Monday, June 21, 2010

Dr. Evil

A few years ago I went to my Optometrist and explained to him how when I was reading a book and then looked up at something else further away it would take a second for my eyes to refocus. He looked at me, laughed, and said 'it's only going to get worse'.

That was very reassuring for a guy who was pretty sure he was going blind. Turns out I was just getting old. Come to think of it, I'm not sure there is really a difference.

The next year I went to the optometrist and explained to him how I had spots in my vision - like little dark blotches that followed my eyes around. I was pretty sure I had a brain tumor or something. He laughed at me and told me to get used to it - I would probably only get more. Turns out floaters don't kill you, unless you get annoyed to death.

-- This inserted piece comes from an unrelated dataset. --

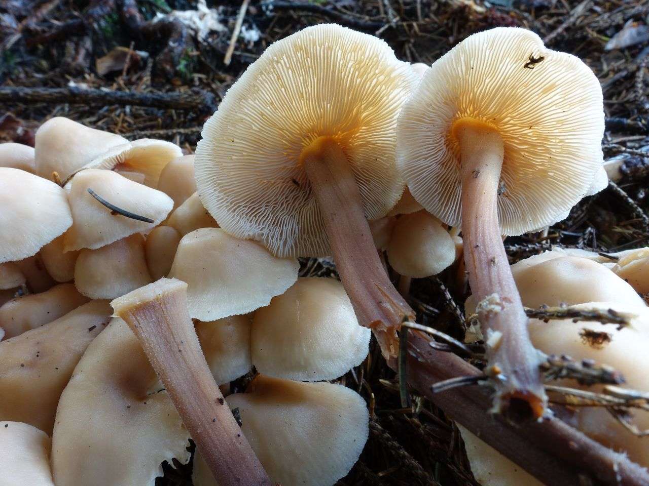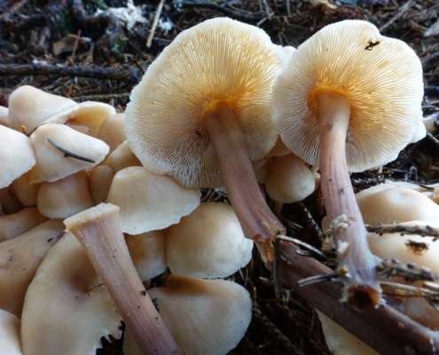 Syn.: Collybia confluens, Gymnopus confluens, Marasmiellus confluens, Marasmius confluens

The next year when I went to the optometrist he dilated my eyes. I thought I was pretty much ok until I about passed out I my way out of the office. It seems that it happens sometimes to wimps like me. One of my friends suggested that I haven't done enough recreational drugs to get myself used to having pupils the size of pancakes.

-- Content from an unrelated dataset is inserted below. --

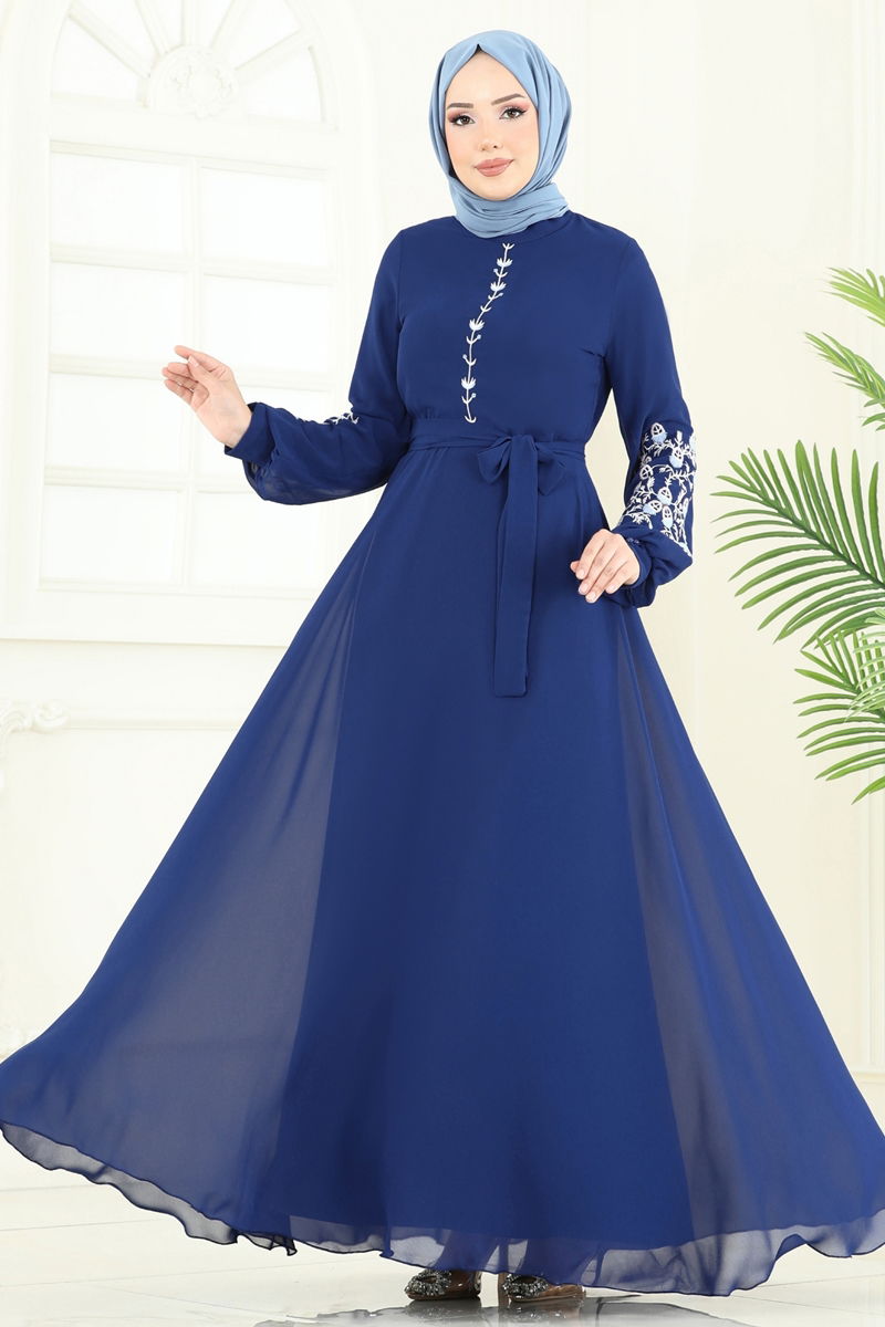 The Embroidered Chiffon Dress combines elegance and comfort, making it an ideal choice for modest attire throughout the seasons. Noteworthy for its delicate and sophisticated details, this dress can be cleaned with a gentle wash at 30 degrees Celsius. Its soft chiffon fabric and mandarin collar design offer an elegant appearance, while its lined structure increases comfort. This model, which features a zipper at the back, dazzles with its embroidery details. The included belt adds to its elegance, helping it maintain shape, while the functional cuff buttons stand out as a practical feature.

So you may be able to understand why I was a little bit apprehensive about going back to the optometrist today.

I told him about how I about passed out last year. He gave me that look that you get from people when they know that you know that they got you by the balls. Yeah, that one. Perhaps in honor of my acknowledgment he decided not to turn my pupils into flying saucers today.

Nope, no flying saucer eyeballs today - but I did get the brain scramble. I get that pretty much every time. He makes me look at letters and lights and puffs of air until my head is just about to explode - then he stops.

I am pretty sure that he could make my head explode if he wanted to. Yeah, just the right combination of lights and letters and puffs then pop goes my head. I think they learn that in optometry 101. Head popping.

I only got 364 days to worry about next year.